Lo que evocan los 43 normalistas es la irreductibilidad del fantasma de nuestra infancia, de cualquier infancia y, sobre todo, de la infancia por-venir. El fantasma de la justicia es el terror del terror necropolítico. Es lo que atemoriza al poder hasta hacer temblar ante la ley incalculable de lo que en tanto relación a la experiencia de la infancia no tiene edad, ni raza y menos posición en la división social del trabajo capitalista.
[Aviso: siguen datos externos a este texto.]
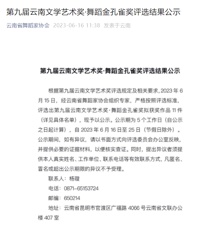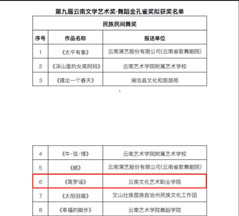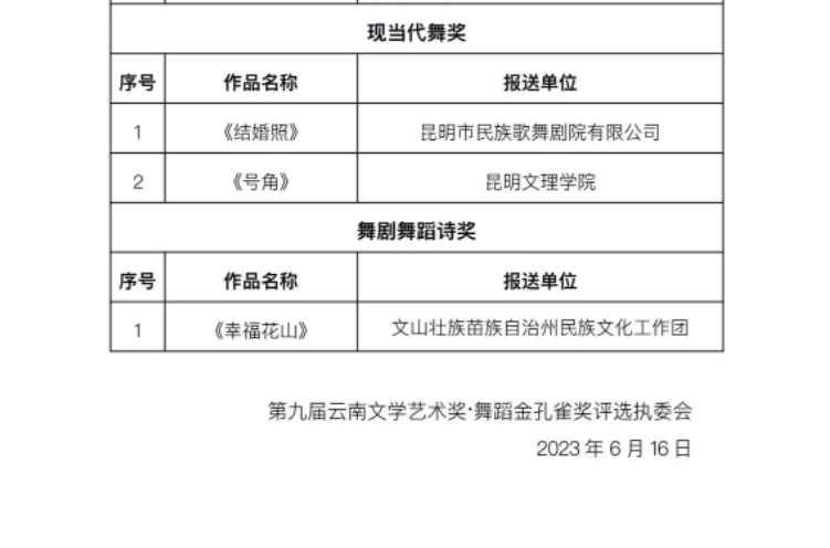 第九届云南文学艺术奖·舞蹈金孔雀奖评选结果公示

La justicia es lo que ante la demanda incalculable interrumpe el orden del capital. Lo que Derrida, pensando en el fantasma del padre asesinado de Hamlet, llamó el tiempo disyunto (out of joint) multiplica su intensidad en Ayotzinapa porque ya no se trata del padre muerto y su fantasma que clama por justicia. En México, en Ayotzinapa, ha ocurrido, hace tan solo dos años, y sigue ocurriendo, el ejercicio consumado de una política del cadáver, de una política para la muerte cuya nomenclatura no puede hoy decirse que está dominada por el espectro del padre muerto. Se mata a los hijos porque en ellos está la multiplicidad infinita de una vida que podría afirmar otro modo que el del capitalismo y sus narcóticos cotidianos y solidarios con el narcomundo, puesto en marcha con la complicidad del Estado o, más bien, de la falta de Estado en México. Pero también, solidarios con la complicidad de lo que esa enorme superpotencia, tan cerca de México y tan lejos de la infancia, hace o deja de hacer en las proximidades de sus fronteras.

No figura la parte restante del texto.